• _DIRECTIONS FOR THIS TASK_: Without its pictures, the listing below is to be transcribed exactly.

INFORMATION SHOWN START

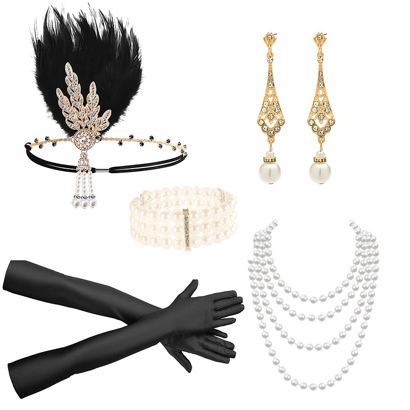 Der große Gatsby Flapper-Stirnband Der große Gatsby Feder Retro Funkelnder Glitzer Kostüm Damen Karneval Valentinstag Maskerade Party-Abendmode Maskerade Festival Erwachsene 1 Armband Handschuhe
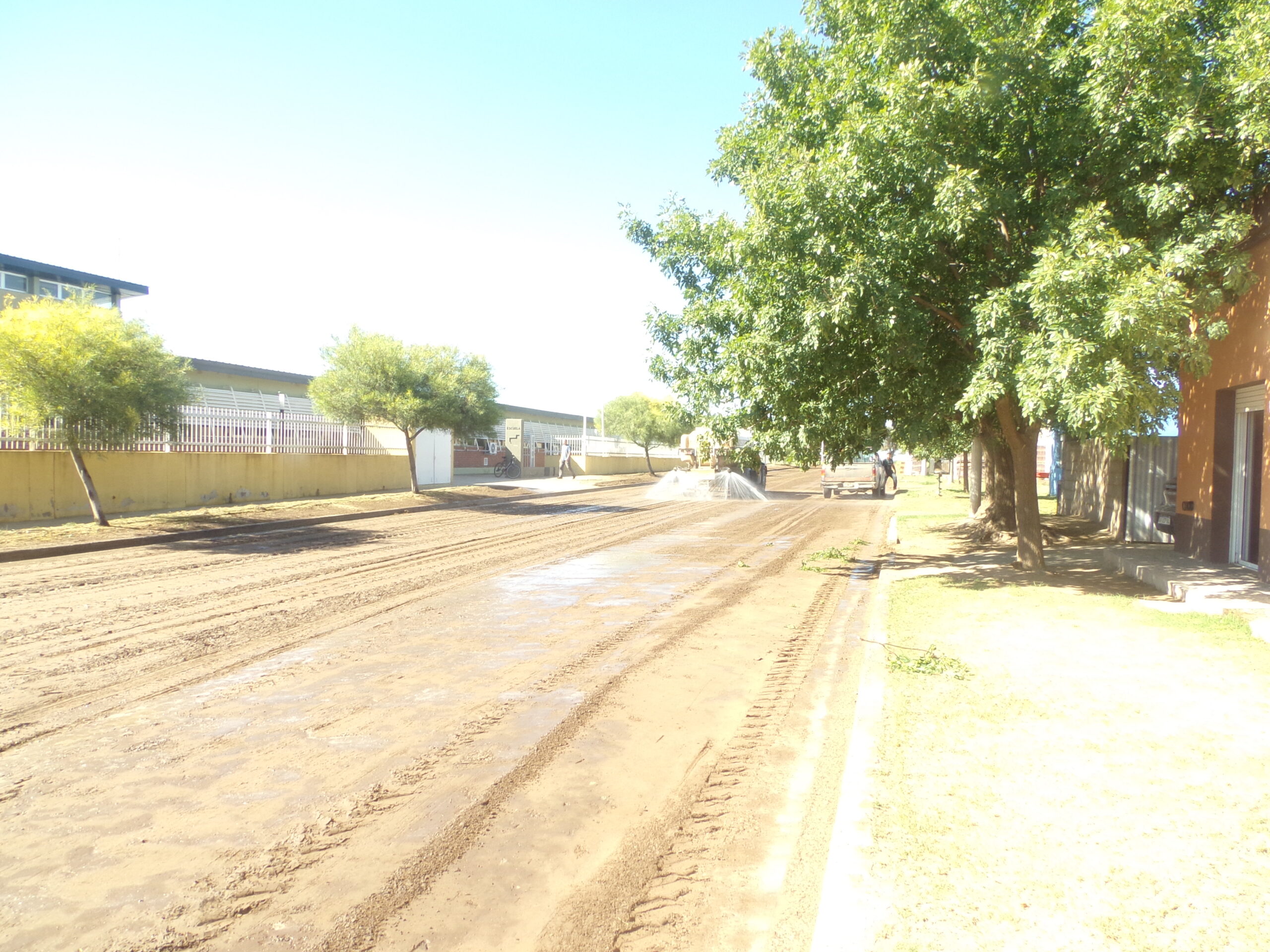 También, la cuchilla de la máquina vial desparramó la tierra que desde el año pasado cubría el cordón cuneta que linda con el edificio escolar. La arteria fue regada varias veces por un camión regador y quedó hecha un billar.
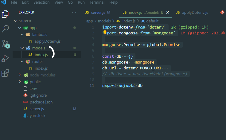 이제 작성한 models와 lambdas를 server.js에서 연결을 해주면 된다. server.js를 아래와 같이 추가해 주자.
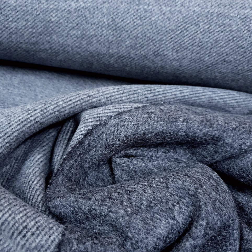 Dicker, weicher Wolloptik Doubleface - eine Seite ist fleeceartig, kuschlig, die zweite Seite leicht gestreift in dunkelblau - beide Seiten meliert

INFORMATION SHOWN END

• _ANSWER_:
 Der große Gatsby Flapper-Stirnband Der große Gatsby Feder Retro Funkelnder Glitzer Kostüm Damen Karneval Valentinstag Maskerade Party-Abendmode Maskerade Festival Erwachsene 1 Armband Handschuhe
 También, la cuchilla de la máquina vial desparramó la tierra que desde el año pasado cubría el cordón cuneta que linda con el edificio escolar. La arteria fue regada varias veces por un camión regador y quedó hecha un billar.
 이제 작성한 models와 lambdas를 server.js에서 연결을 해주면 된다. server.js를 아래와 같이 추가해 주자.
 Dicker, weicher Wolloptik Doubleface - eine Seite ist fleeceartig, kuschlig, die zweite Seite leicht gestreift in dunkelblau - beide Seiten meliert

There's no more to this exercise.